Powell’s assignment to head the Committee on Supervision and Regulation gives him authority over the Fed division that’s responsible for writing banking rules, overseeing Wall Street and issuing enforcement actions. However, the responsibilities will likely be temporary as the agency awaits President Donald Trump’s selection of a Fed vice chairman of banking supervision.

The administration expects to announce Fed governor nominees in the “very near future,” Gary Cohn, Trump’s chief economic adviser, said Friday in a Bloomberg Television interview.

Meanwhile, Powell — along with the supervision committee’s other member, Governor Lael Brainard — will oversee the Fed work that gave Tarullo a reputation as one of the industry’s toughest regulators in his eight-year tenure.

Tarullo Departure

Tarullo’s departure this week leaves three openings on the seven-member board, so the remaining governors are spread thin across the new committee assignments.
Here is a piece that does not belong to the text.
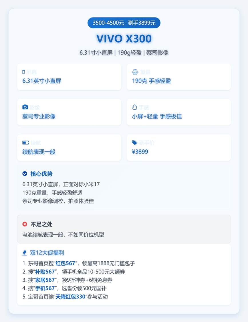 同价位段的“质感旗舰”!全焦段影像能力,内置5500mAh电池,焦点亮点正在影像:vivo的专业蔡司影像调校,屏幕采用1.5K分辩率+165Hz超高刷新率,机能和线八两半斤,支撑100WW无线秒充,它还支撑IP66、IP68和IP69品级的防水,支撑3840Hz高频PWM调光,机能方面!

Powell is now chairman of half of the board’s eight committees.

Powell was at Carlyle Group from 1997 to 2005, and he served as a senior official of the Treasury Department under President George H.W. Bush. He’s been at the Fed since 2012.

The latest Fed changes were reflected in an update of its website that lists board-member assignments. Eric Kollig, a Fed spokesman, declined to comment on the transition.